Location: Forage and Range ResearchTitle: Regeneration of Russian wildrye foundation seed and its effect on genetic diversity and linkage disequilibrium) Author
Submitted to: Seed Technology Journal
Publication Type: Peer Reviewed Journal
Publication Acceptance Date: 3/19/2012
Publication Date: 7/16/2012
Citation: Mott, I.W., Jensen, K.B., Larson, S.R. 2012. Regeneration of Russian wildrye foundation seed and its effect on genetic diversity and linkage disequilibrium. Seed Technol J. 34:79-86. Interpretive Summary: The ability to maintain the genetic integrity of released cultivars is central to the restriction of seed generations, particularly in cross pollinating grasses where genes form groups that provide for increased agronomic performance. These groups are broken up if the plant material is carried for multiple generations through seed increase, thus losing the improved performance found in the new cultivars. The question that remains unanswered is what happens to these gene groups with additional generations often required for seed production. One such example is found in Russian wildrye where seed being produced is four generations past the original. Molecular genetic analysis has demonstrated that over four generations there is a 10% loss in these gene groups; however, that loss is not significant. Thus in Russian wildrye, up to four generations of seed production can be produced without significant changes in genetic structure and loss of functional gene groups that could potentially lead to detrimental changes in agronomic performance.

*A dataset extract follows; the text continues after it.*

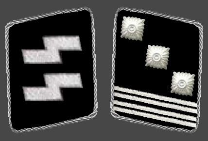 Rang insignia of the SS/Waffen-SS, here universal collar patches to the CO-rank “SS-Hauptsturmfuehrer” until 1945.

Technical Abstract: Maintaining the genetic integrity and performance of released cultivars over multiple generations of seed increase continues to be of concern in cross-pollinating grasses. It is not an uncommon practice when seed supplies are low or foundation seed is not available to designate registered seed as foundation seed (re-foundation), which adds one or more certified generations to the cultivar. One such example was in Russian wildrye (Psathyrostachys junceus (Fisch.) Nevski), which is a cross-pollinating, cool-season, bunchgrass native to steppe and semi-desert regions of Eurasia. AFLP analysis was used to test the effect of additional generations on the molecular genetic diversity and linkage disequilibrium within and among original foundation seed (1986), re-foundationed seed from registered seed (1992), and certified seed (2002) of the cultivar 'Bozoisky-Select' along with cultivars 'Vinall' and 'Mankota'. Average similarity coefficients within generations fell from 0.6031 in original foundation seed to 0.5920 in certified seed four generations later while the average similarity coefficient between generations fell from 0.6031 to 0.5826, respectively. Neighbor-joining phylogram based on total number of polymorphisms and PCA analysis grouped individuals of Vinall and Mankota into their respective groups, and grouped all Bozoisky-Select individuals into one, indivisible group. Linkage disequilibrium (LD) trended toward a loss of LD over generations of seed production, but the differences were not significant. Although there were slight decreases in genetic similarity over four generations of seed production, the changes were not enough to cause subdivisions of Bozoisky-Select seed using PCA or phylogenetic analysis and the breeder designation of new foundation seed from registered seed in 1992 did not significantly decrease LD in 2002 certified Bozoisky-Select seed.